Retry Checks and premature alerts

I have been running Nagios sucessfully for a couple years now without any major issues and without any major config changes but recently i’ve begun to see a steady increase in premature alerts, unreachable host and plugin timeouts. The recheck interval seems to be set too fast (3 sec) even though my config is at 10 check attempts and at minimun 3 minutes. Some of the questionable alert history data is below. Anyone have any idea what could be causing this or how i can increase this recheck for unreachable hosts or timeouts to something more reasonable?

[01-11-2006 05:46:19] HOST ALERT: xxx;DOWN;HARD;10;CRITICAL - Host Unreachable (x.x.x.:evil:
Host Down[01-11-2006 05:46:16] HOST ALERT: xxxx;DOWN;SOFT;9;CRITICAL - Host Unreachable (x.x.x.:evil:
Host Down[01-11-2006 05:46:13] HOST ALERT: xxxx;DOWN;SOFT;8;CRITICAL - Host Unreachable (x.x.x.:evil:
Host Down[01-11-2006 05:46:10] HOST ALERT: xxxx;DOWN;SOFT;7;CRITICAL - Host Unreachable (x.x.x.:evil:
Host Down[01-11-2006 05:46:07] HOST ALERT: xxxx;DOWN;SOFT;6;CRITICAL - Host Unreachable (x.x.x.:evil:
Host Down[01-11-2006 05:46:04] HOST ALERT: xxxx;DOWN;SOFT;5;CRITICAL - Host Unreachable (x.x.x.:evil:…
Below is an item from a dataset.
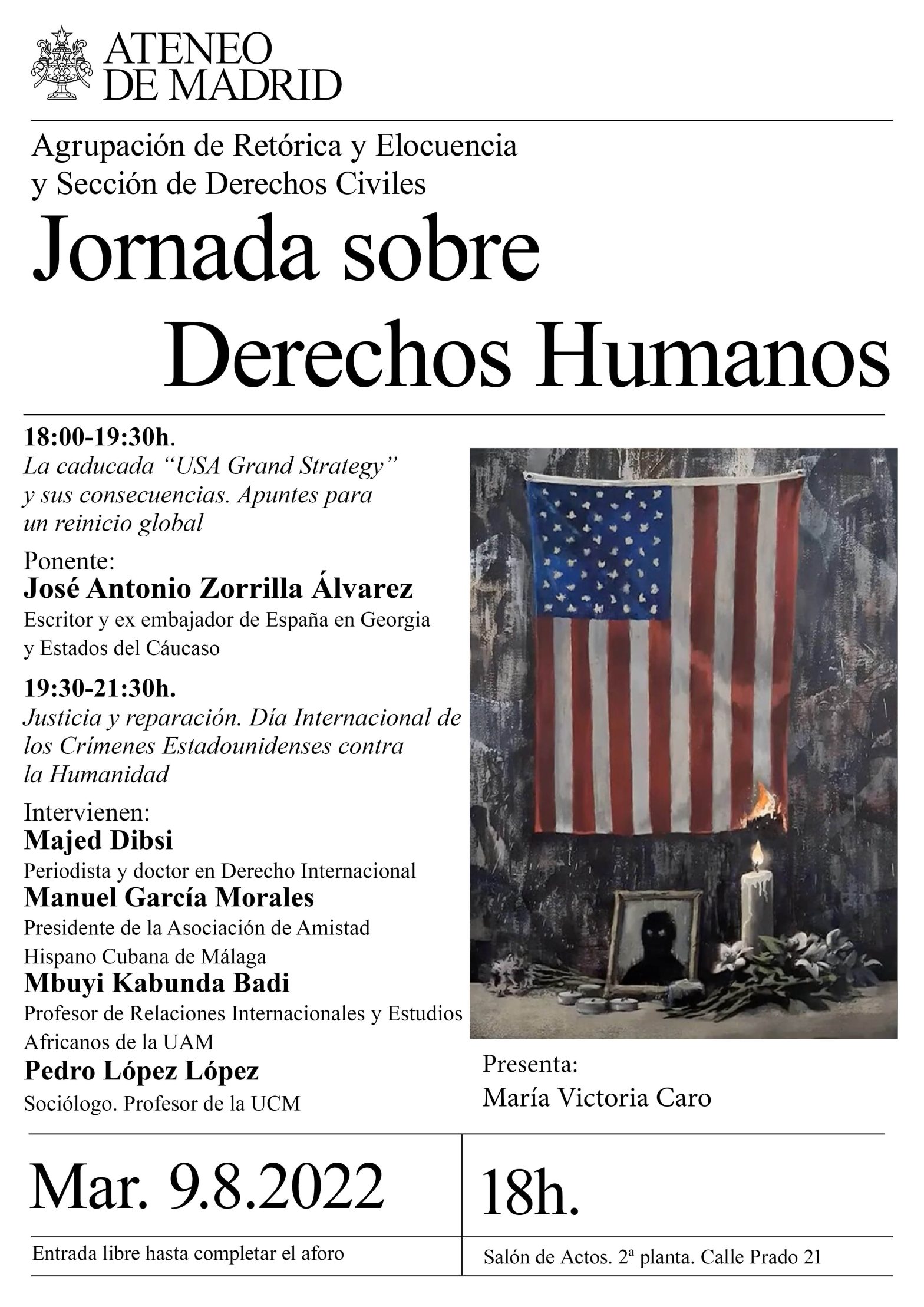 Agrupación de Retórica y Elocuencia y Sección de Derechos Civiles. 18:00-19:30h. Conferencia La caducada «USA Grand Estrategy» y sus consecuencias. Apuntes para un reinicio global. Ponente José Antonio Zorilla Álvarez. 19:30-21:30h. Mesa redonda Día Internacional de los Crímenes Estadounidenses contra la Humanidad Intervienen: Majed Dibsi, periodista y doctor en Derecho Internacional; Manuel García Morales, presidente de la Asociación Hispano Cubana de Málaga; Mbuyi Kabunda Badi, doctor y licenciado en Ciencias Políticas, profesor y miembro del Instituto Internacional de Derechos Humanos de Estrasburgo y profesor de Relaciones Internacionales y Estudios Africanos de la Universidad Autónoma de Madrid. Pedro López López, sociólogo, profesor de la Universidad Complutense. Presenta: María Victoria Caro. Salón de Actos.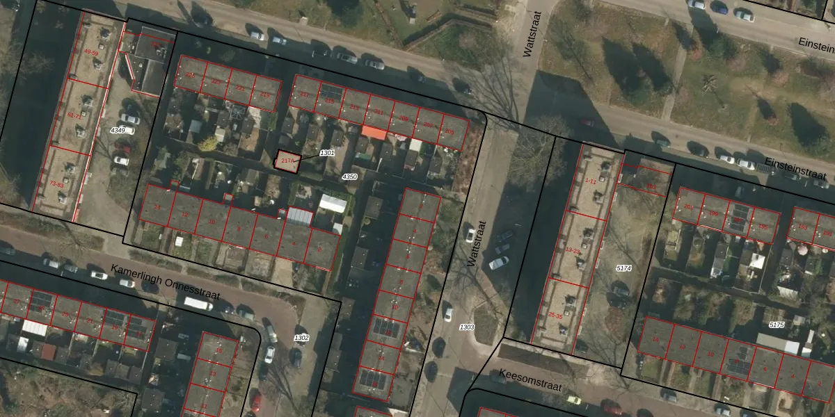 Het perceel waarop Wattstraat 2 staat heeft een oppervlakte van 5158 m². Dit is een zeer groot perceel. De perceeloppervlakte wordt geregistreerd door het Kadaster. Gedetailleerde informatie over de maten van dit perceel kunt u vinden in het rapport Kadastrale kaart met maatvoering van Wattstraat 2.

Maybe I asked this question poorly. Basically, when a host goes Critical or Unreachable as in the above case Nagios is rechecking it every 3 seconds up to its max_check_attempts variable (which is 10). This is too frequent, where is the configuration option that will allow me to increase this time interval? I realize i could increase the check attempts to some number greater than 10 to extend the time before an alert but that seems like the wrong way to go about it.

I might be wrong, but it looks like you’ve set your global interval_length to 3 seconds ? Is that the case?

If so, I would imaging it is a little excessive - even my interval of 15 seconds is a bit obsessive.

Anyway, you can set the retry_check_interval for a service - this is a multiple for interval_length

I believe that the default number of retry checks is 3, which would mean you’ve got your interval length set to 1 second. I tried that once, but it’s too big of a hassle. Go back to the default of 60 seconds. You’ll find this setting in your nagios.cfg file. You’ll probably want to grep the file to find out where the line is, though, cuz it’s a ways down.

Those are the things i considered too but it seems not to be it. My interval_length is still the default of 60 seconds and the retry_check_interval of a failed service still seems to be working correctly if the Host is actually still online and pingable. The problem seems to be only limited to Host using the check_host_alive command and Nagios cannot actually communicate with it. When the host goes offline or in my case there is a minor network blip Nagios has already sent out an alert because its only got 3 second window. I don’t have active host checks enabled so there is no host check interval defined. It must be getting its interval to retry that unreachable host from somewhere else.

INTERVAL LENGTH

This is the seconds per unit interval as used in the

host/contact/service configuration files. Setting this to 60 means

that each interval is one minute long (60 seconds). Other settings

have not been tested much, so your mileage is likely to vary…

interval_length=60

The above is default. You state yours is default. Check again, it can’t be.

Yes, check again, and then go back to base if you’re positive that it’s set to 60 seconds. Make sure there aren’t any errors when you run a nagios -v command.